North Korean leader Kim Jong Un has called for a constitutional amendment to change the status of South Korea to a separate state and warned that while his country doesn't seek war, it didn't intend to avoid it, the official Korean Central News Agency (KCNA) reported Tuesday.
Kim said Monday that it was his final conclusion that unification with the South is no longer possible in a speech to the Supreme People's Assembly, North Korea's rubber-stamp parliament, while accusing Seoul of seeking regime collapse and unification by absorption.
"We don't want war but we have no intention of avoiding it," Kim was quoted as saying by KCNA.

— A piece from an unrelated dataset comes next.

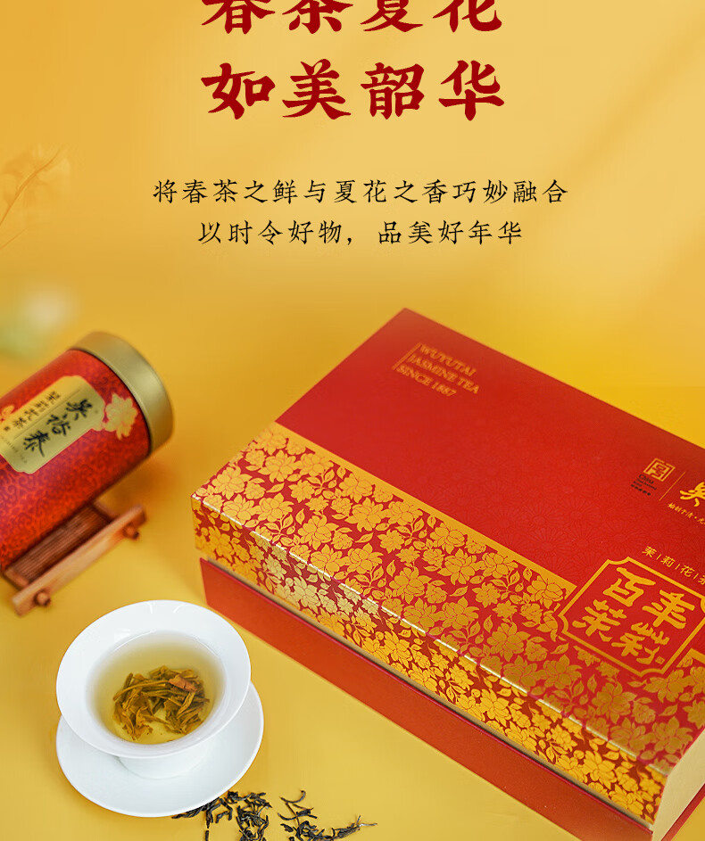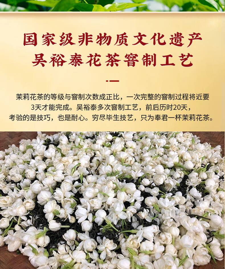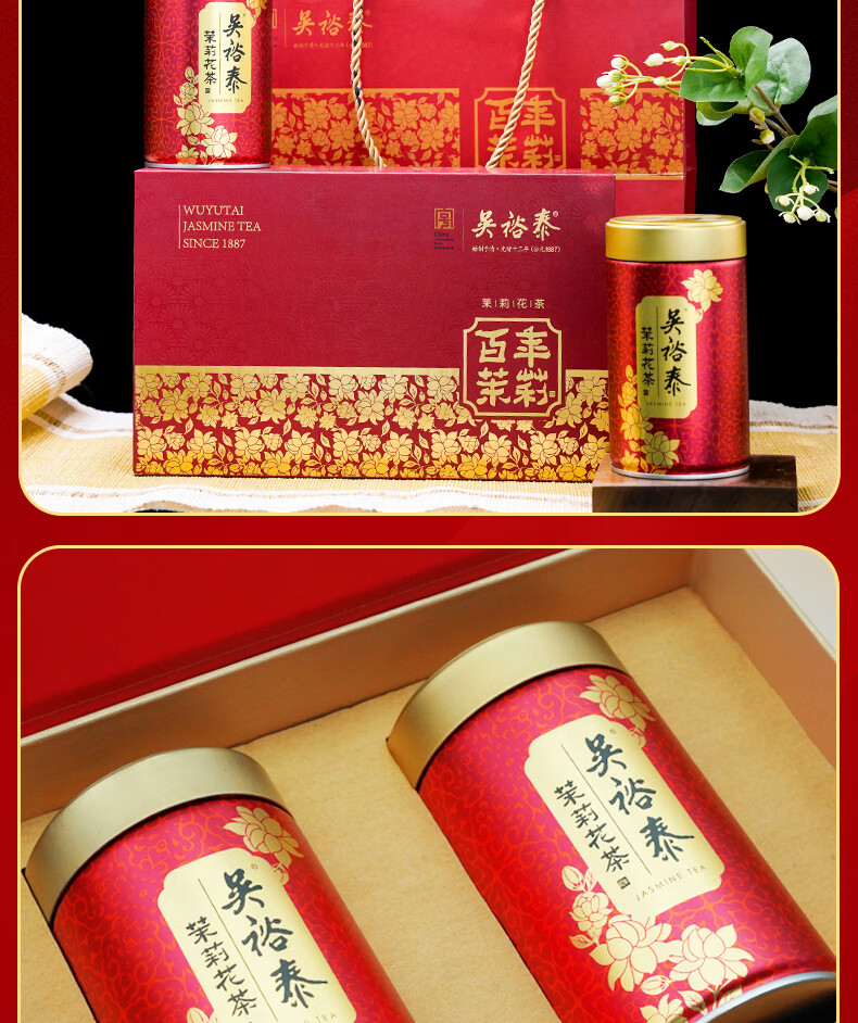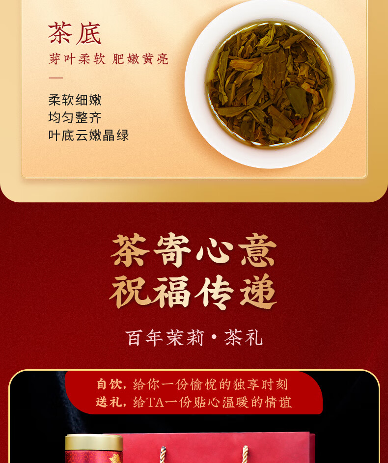 吴裕泰茉莉花茶 百年茉莉 浓香型特种200g六窨含芽鲜爽送礼茶礼盒

Three organizations dealing with unification and inter-Korean tourism will shut down, state media said.
The move comes as tensions have worsened in the Korean Peninsula recently amid a series of missile tests and a push by Pyongyang to break with decades of policy and change how it relates to the South.
Analysts have said North Korea's Foreign Ministry could take over relations with Seoul, and potentially help justify the use of nuclear weapons against the South in a future war.
While calling for South Korea to be designated as the "number one enemy" in its constitution, Kim also said a war would decimate the South and deal an "unimaginable" defeat to the U.S., according to KCNA.
Kim also said that if a war breaks out in the Korean Peninsula, the country's constitution should reflect the issue of "occupying," "recapturing" and "incorporating" the South into its territory.
In an address to the assembly, Kim said the security environment around his country had "turned into the most dangerous zone with risk of war outbreak in the world,” KCNA said. The country’s parliament embraced a position Kim delivered at a year-end political meeting where he said reunification with South Korea could never be achieved, as the South is his state’s "principal enemy,” KCNA said.
The move to abolish the agencies and the comments are likely designed to put pressure on conservative President Yoon Suk-yeol, who has taken a hard line against Pyongyang and angered Kim’s regime by stepping up military cooperation with the US and Japan. Those actions include joint training to counter threats posed by North Korea.
By harshly criticizing the policies of the Yoon administration, Kim may be trying to influence upcoming parliamentary elections in South Korea where the progressive camp that embraces rapprochement with Pyongyang is looking to keep control of the body.
Yoon’s government suspended part of the 2018 agreement to reduce tensions on the border reached between Kim and former progressive President Moon Jae-in after North Korea put a spy satellite in orbit in November. Seoul resumed reconnaissance flights near the border that were suspended under the agreement, and North Korea then announced it intended to scrap the entire accord.
Yoon on Tuesday criticized North Korea's move to define the South as a hostile country, saying it showed Pyongyang's "anti-national and ahistorical" nature.
Yoon also said North Korea's recent missile launch and artillery firing were a "political act" to divide the South Korean public and vowed that provocations will be met with its own response on a "multiplied scale."
Kim’s regime started the new year by conducting live-fire artillery drills near a South Korean border island that has been the sight of some of the deadliest confrontations between the two Koreas since the end of the 1950-1953 Korean War.
North Korea was once reliant on aid from South Korea, with trade between the two reaching about $2.7 billion in 2015, according to data provided by South Korea’s Unification Ministry. But as Kim pressed ahead with modernizing his nuclear arsenal, trade with Seoul that was once equal to about 10% of North Korea’s economy vanished as a part of international sanctions to punish Kim for his atomic ambitions.
Kim appears to have turned to Russia in recent months to supply cash, commodities and technology to Pyongyang in exchange for munitions and missiles to help Moscow fight its war against Ukraine.
North Korean Foreign Minister Choe Son Hui arrived in Russia this week for a trip that could facilitate a visit by President Vladimir Putin to Pyongyang and enhance arms transfers that appear to have replenished the Kremlin’s arsenal to attack Ukraine.
Top envoys from the US, South Korea and Japan held a call to discuss recent provocations by North Korea, including the launch this week of an intermediate-range ballistic missile, and "underscored that such actions are dangerous, irresponsible, and destabilizing to regional and international security,” the State Department said in a statement.